THIS ANNOUNCEMENT IS RESTRICTED AND IS NOT FOR RELEASE, PUBLICATION OR DISTRIBUTION DIRECTLY OR INDIRECTLY, IN WHOLE OR IN PART, IN OR INTO THE UNITED STATES, AUSTRALIA, CANADA, JAPAN, THE REPUBLIC OF SOUTH AFRICA OR INTO ANY OTHER JURISDICTION WHERE TO DO SO MIGHT CONSTITUTE A VIOLATION OR BREACH OF ANY APPLICABLE LAW.
This announcement does not constitute an offer to sell, or the solicitation of an offer to subscribe for, or to buy shares in any jurisdiction.
To: RNS
From: Mid Wynd International Investment Trust PLC
Date: 31 May 2017
Mid Wynd International Investment Trust PLC
Net Asset Value (NAV), Initial Placing and Offers Price
NAV
As at close of business on 30 May 2017, the Net Asset Value ("NAV") per ordinary 5p shares of the Company was as follows:
Net asset value per Ordinary share |
excluding current year income |
440.01p |
|
including current year income |
442.64p |
Initial Placing and Offers Price
The Board of Mid Wynd International Investment Trust PLC (the "Company") refers to the prospectus published by the Company on 10 May 2017 in relation to the issue of up to 31,241,952 new ordinary shares in the capital of the Company (the "New Shares") by way of an initial placing, offer for subscription, intermediaries offer and an on going share issuance programme. The issue price of the New Shares to be issued under the Initial Placing and Offers has been calculated and will be 451.49 pence per New Share (being a premium of 2 per cent. to the Net Asset Value per Ordinary Share as at 30 May 2017).
The latest time and date for receipt of commitments and application forms under the Initial Placing and Offers is 5.00 p.m. on 1 June 2017. It is expected that a further announcement will be made on 2 June 2017 as to the aggregate number of New Shares to be issued under the Initial Placing and Offers. The issue of the New Shares is conditional upon the admission of the New Shares to the Official List of the UK Listing Authority and to trading on the main market of the London Stock Exchange, expected to take place on 6 June 2017.
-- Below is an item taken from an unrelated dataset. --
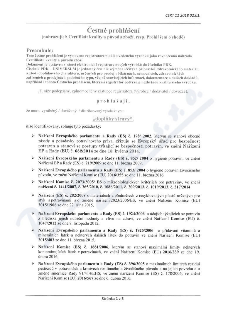 5 strany čestného prohlášení: strana 1, strana 2, strana 3, strana 4, strana 5,

For further information please contact
Artemis Fund Managers Limited +44 (0)131 225 7300
Billy Aitken
J.P. Morgan Cazenove (Sole Bookrunner) +44 (0)20 7742 4000
William Simmonds
Anne Ross
Oliver Kenyon
Solid Solutions (Intermediaries Offer Adviser) +44 (0)20 7549 1613
Nigel Morris intermediaries@solid-solutions.co.uk
Defined terms used in this announcement have the same meanings given in the Prospectus unless the context otherwise requires.
This announcement has been issued by and is the sole responsibility of the Company. No representation or warranty, express or implied, is or will be made as to, or in relation to, and no responsibility or liability is or will be accepted by, J.P. Morgan Cazenove or by any of its respective affiliates or agents as to or in relation to the accuracy or completeness of this announcement or any other written or oral information made available to or publicly available to any interested party or their advisers and any liability therefore is expressly disclaimed.
J.P. Morgan Securities plc, which conducts its UK investment banking activities as J.P. Morgan Cazenove, is authorised by the Prudential Regulation Authority and regulated by the Financial Conduct Authority and the Prudential Regulation Authority, and is acting exclusively for the Company and no-one else in connection with the matters described in this announcement and will not be responsible to anyone other than the Company for providing the protections afforded to clients of J.P. Morgan Cazenove nor for providing advice in connection with the Placing and the contents of this announcement or any other matter referred to herein.